Allah SWT menyediakan untuknya kunci-kunci pengetahuan berupa pendengaran yang dapat mendengar dan memahami suara. Juga penglihatan yang bisa melihat berbagai hal, serta hati yang bisa memahami berbagai hal, sebagaimana firmanNya dalam ayat lain dalam QS. Al-Mulk ayat 23-24.
Baca Juga: Mengulik Makna Tarbiyah dalam Pendidikan Islam
Peserta Didik Menurut Surah An-Nahl Ayat 78
Mengacu kepada penafsiran surah An-Nahl ayat 78 di atas, Allah sedari awal telah membekali hal yang paling dasar dalam proses pendidikan. Allah menciptakan manusia sejak awal lengkap dengan segenap potensi berupa penglihatan, pendengaran, dan hati untuk dapat menempuh proses pendidikan, manusia juga dianugerahi penglihatan dan pendengaran untuk dapat mengembangkan aspek kognitif dan psikomotoriknya, sedangkan hati diberikan untuk mengembangkan aspek afektif yang mengarah kepada akhlak.
Ketidaktahuan manusia ketika ia dilahirkan berakibat pada ketergantungan manusia untuk memperoleh pendidikan agar ia dapat mencapai tujuan hidup yang sesungguhnya. Sebab ia telah dibekali oleh Allah berupa tiga potensi yang dibawa (penglihatan, pendengaran, dan hati) untuk mencapai tujuan tersebut.
Sehingga jika dihubungkan dengan peserta didik sebagai komponen pendidikan, maka menurut ayat di atas adalah bahwa semua manusia yang lahir ke dunia dengan sudah membawa potensi masing-masing, sejatinya adalah peserta didik yang perlu mendapatkan pendidikan. Proses pendidikan yang dilalui baik melalui tarbiyah, ta’lim, maupun ta’dib harus didapatkan ketika ia dilahirkan dan menumbuh kembangkan potensi-potensi tersebut untuk mencapai tujuan akhir dari kehidupan manusia itu sendiri, yaitu beribadah kepadaNya.

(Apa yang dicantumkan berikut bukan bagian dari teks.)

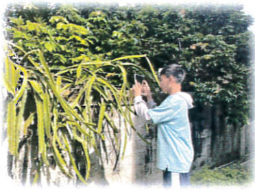
尋找校園可食植物-生存的秘訣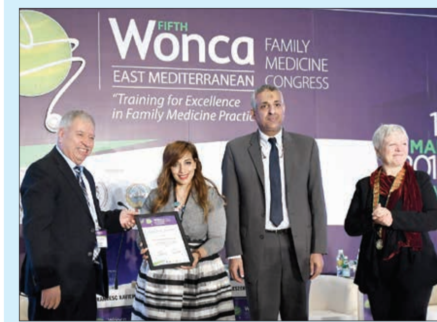
جانب من تكريم شركة «زين» خلال المؤتمر

السلام الدولي ومركز سمان للسكري وغيرها، حيث لن تدخر الشركة جهداً للمساهمة في خدمة المجتمع وأفراده من خلال تنظيم ودعم المبادرات الطبية المختلفة. وأوضحت «زين» أن رعايتها لهذا المؤتمر وغيره من المبادرات الماثلة ما هو إلا ترجمة فعلية لاستراتيجيتها في مجال المسؤولية الاجتماعية والاستدامة في المجالات الصحية، حيث تقوم الشركة وبشكل دوري بتكثيف حملاتها لنشر الثقافة الصحية في المجتمع بأحدث الوسائل والطرق للوقاية من الأمراض وتغاديرها، بالإضافة إلى عقد الشراكات الاستراتيجية مع المؤسسات الطبية العامة والخاصة في الكويت بهدف المساهمة في رفع الوعي الصحي في المجتمع. الجدير بالذكر أن المنظمة العالمية لأطباء الأسرة «ونكا» هي منظمة غير ربحية تأسست في عام 1972 من قبل المنظمات الأعضاء في 18 بلداً، ولديها الآن 118 عضواً في 131 بلداً وإقليمياً مع عضوية حوالي 500,000 طبيب متخصص بطب الأسرة، كما تغطي المنظمة أكثر من 90% من سكان العالم.

Dengan demikian, definisi peserta didik di sini berarti ia yang tidak hanya sebatas pada orang-orang yang terdaftar di sekolah atau madrasah saja, melainkan semua manusia dengan setiap potensinya masing-masing, duduk di ‘bangku sekolah’ maupun duduk lesehan di luar sekolah.
Baca Juga: Menelisik Makna Ta’lim dalam Pendidikan Islam
Penutup
Sebagai akhir dari tulisan ini, dapat disimpulkan bahwa definisi peserta didik menurut surah An-Nahl ayat 78 adalah sumber daya manusia yang membawa atau dibekali potensi (berupa penglihatan, pendengaran, dan hati) namun tidak memiliki pengetahuan sehingga memerlukan pengembangan atas potensi yang dibawanya tersebut agar lebih terarah melalui proses pendidikan. Wallahu A’lam.